This text is one of the first (if not the first) studies of the phenomenon of the double as it appears in western literature and culture. It purports to be grounded in the principles of classical psychoanalysis, but is really rather disappointing on that score, and others. If you are looking for a text that catalogs 19th and early 20th century appearances of the doppelgänger in literature, this text will fit your needs. Rank describes these appearances fairly exhaustively, and he separates the examples of the doppelgänger into helpful categories. However, he touches only lightly on the psychoanalytical significance of these examples and he refrains from attempting any general theory of the doppelgänger. The final page comes close to a conclusion, but there is a certain level of ambiguity throughout which is, perhaps, justified given that he was breaking new ground.
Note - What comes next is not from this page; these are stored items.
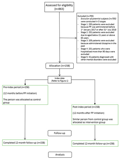 Patients who were prescribed oral antipsychotics for 12 months, followed by the initiation of treatment with PP1M between 1 January 2017 and 31 December 2018, and remained on PP1M for at least 3 months were selected from the hospital database. Inclusion criteria included patients between the age of 21 and 65 years; patients with the Diagnostic and Statistical Manual of Mental Disorders, Fourth Edition (DSM-IV) diagnoses of schizophrenia, schizophreniform disorder, brief psychotic disorder, schizoaffective disorder, delusional disorder, psychotic disorder not otherwise specified, psychotic disorder due to a general medical condition and substance-induced psychotic disorder; and who were on PP1M for at least 3 months. Patients who were prescribed Clozapine in the past and long-stay inpatients who were admitted for more than 3 months were excluded.
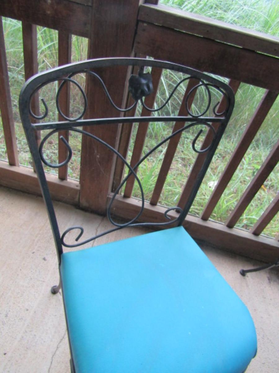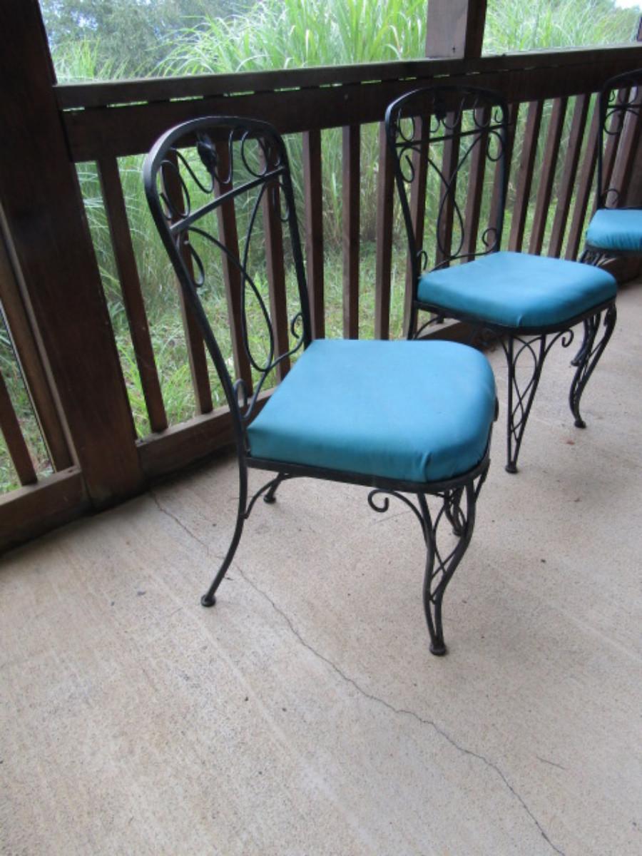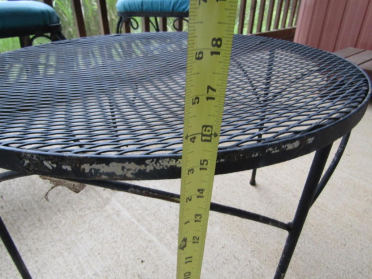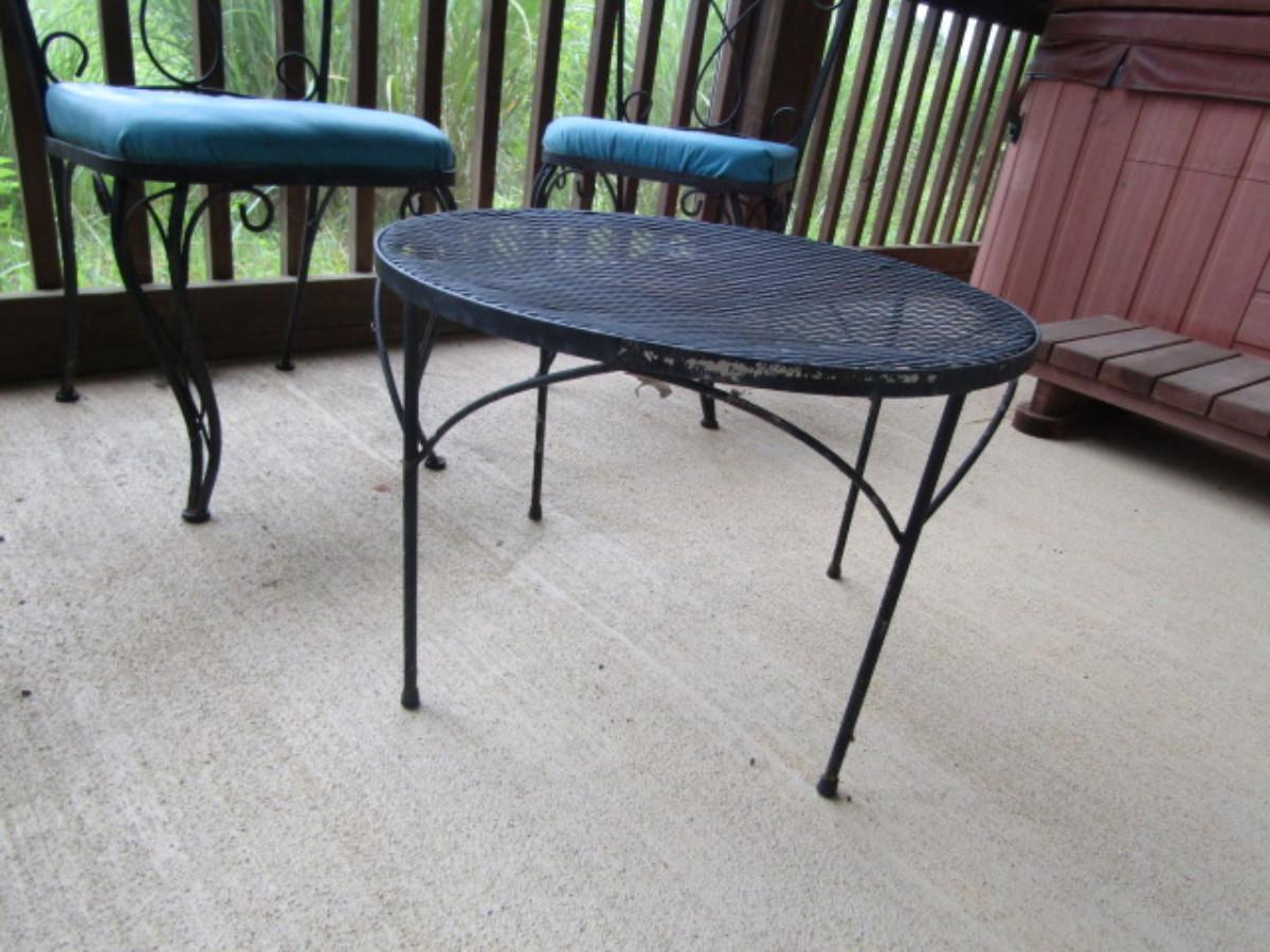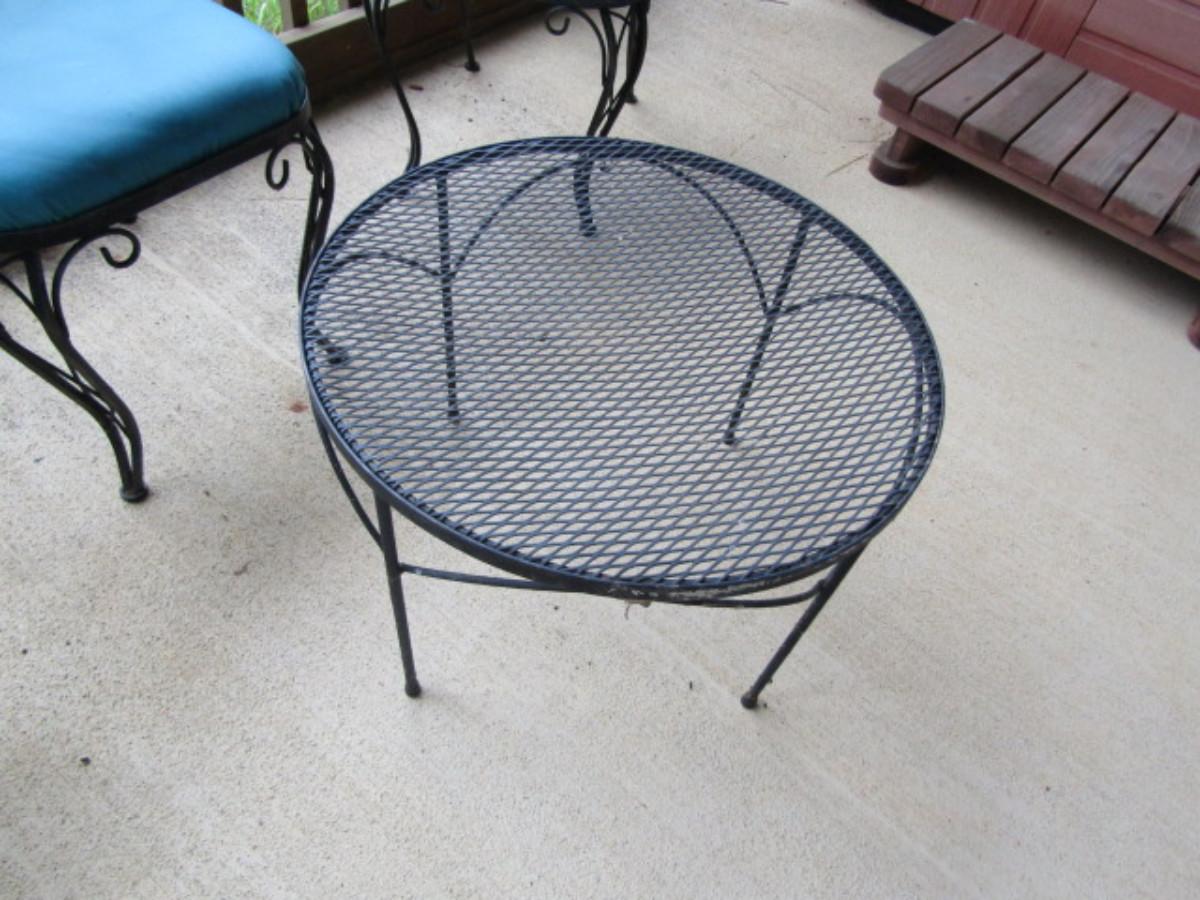 Patio Furniture- Three Wrought Metal Chairs and One Side Table. Chairs are approx 15 1/2" wide. Table is 23" in diameter and 15 1/2" tall.
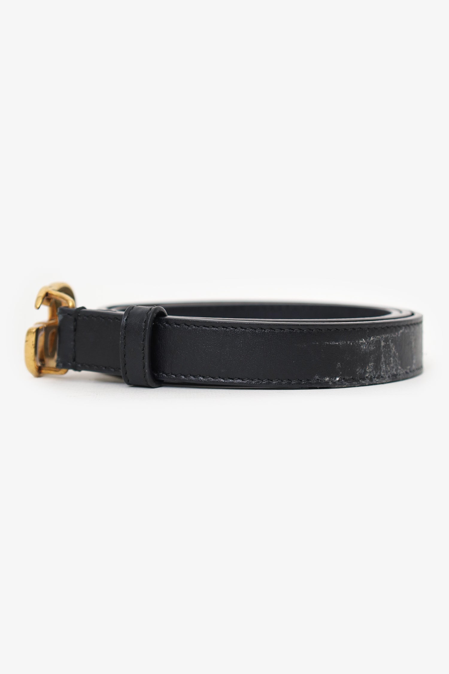 Condition: This item is in fair pre-loved condition. Visible creasing and wear to leather. Some warping to belt. Minor scratches to hardware.
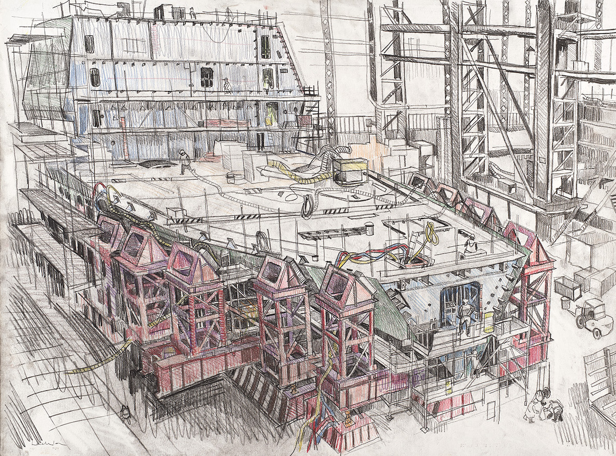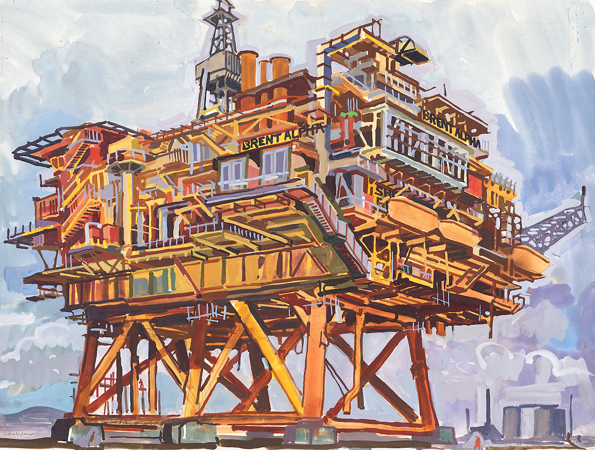 In many cases, Goudie’s work has borne witness to the end of an industrial legacy and the environmental impact this represents. His paintings document the last days of steel production at Port Talbot and Redcar, the changing skyline of Glasgow as ‘Titan’ cranes were demolished and replaced, whilst on the northeast coast at Hartlepool, he has charted the dismantling of immense offshore rigs, monumental structures that once defined the North Sea Oil boom. On other occasions he has been able to record the resilience of steel rolling at Dalzell (the last surviving component of the immense Ravenscraig steel works) and the advance of innovative new technologies, at the Airbus space and satellite manufacturing labs in Portsmouth and Stevenage.
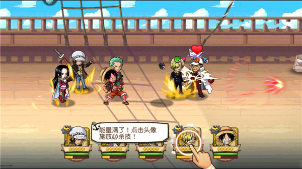 航海王启航是由日本热门动漫正版授权改编一款2D横版动作RPG手游,延续了原著动漫海贼王的基本设计风格,游戏画面十分细腻精致,色彩清新笔触柔和,人物造型采用Q萌的三头身造型设计,角色特点也得到了很大程度的保留。而且游戏中UI界面、功能按钮都和动漫中的人物、场景完美结合,功能UI设计也很完善,玩家能够很清晰明了的找到自己想要的功能按钮位置。
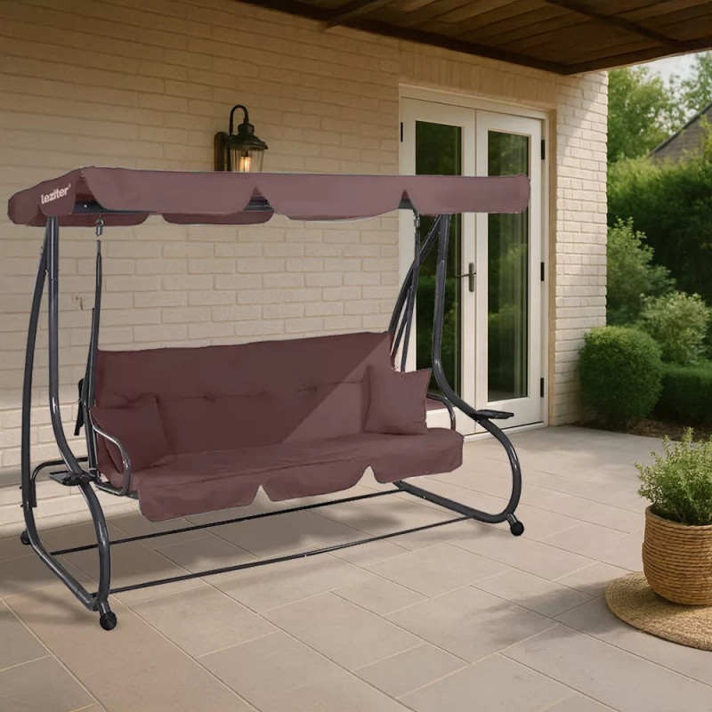 Ez a prémium minőségű, háromszemélyes hintaágy ideális választás minden kertbe vagy teraszra! 200 x 110 x 165 cm-es mérete bőséges helyet biztosít akár három ember számára, miközben stabil kialakításának köszönhetően masszív és biztonságos.

It is also important to remember that the book is dated and therefore limited in scope. For example, Rank spends time discussing the mental trials and traumas of the authors who use the motif, ascribing an autobiographical basis for its employment. This is potentially the case in some of his examples but is not relevant in contemporary terms. Rank makes some general points about how and why the double appears, i.e. the paradoxical case of the suicide who destroys himself, projecting his fear onto the double, in order to escape the fear of death. Chiefly he defers to Freud, leaving to him the finer points of psychoanalytical theory which may be said to underlie the appearance of the double. (See for example Freud's essays 'The Uncanny', 'Beyond the Pleasure Principle', etc.) Rank provides a chapter on the anthropological significance of the doppelgänger, but the chapter disintegrates into a further survey of the literary appearances of the motif, which had already been covered ad infinitum in the previous chapter.
There are a handful of contemporary studies of the doppelgänger which are far more in depth, although they are also heavily theoretical (see Vardoulakis, Webber). Rank's study is brief, a mere 86 pages. It is certainly helpful and worth the read, but it remains only a preliminary study of this phenomenon.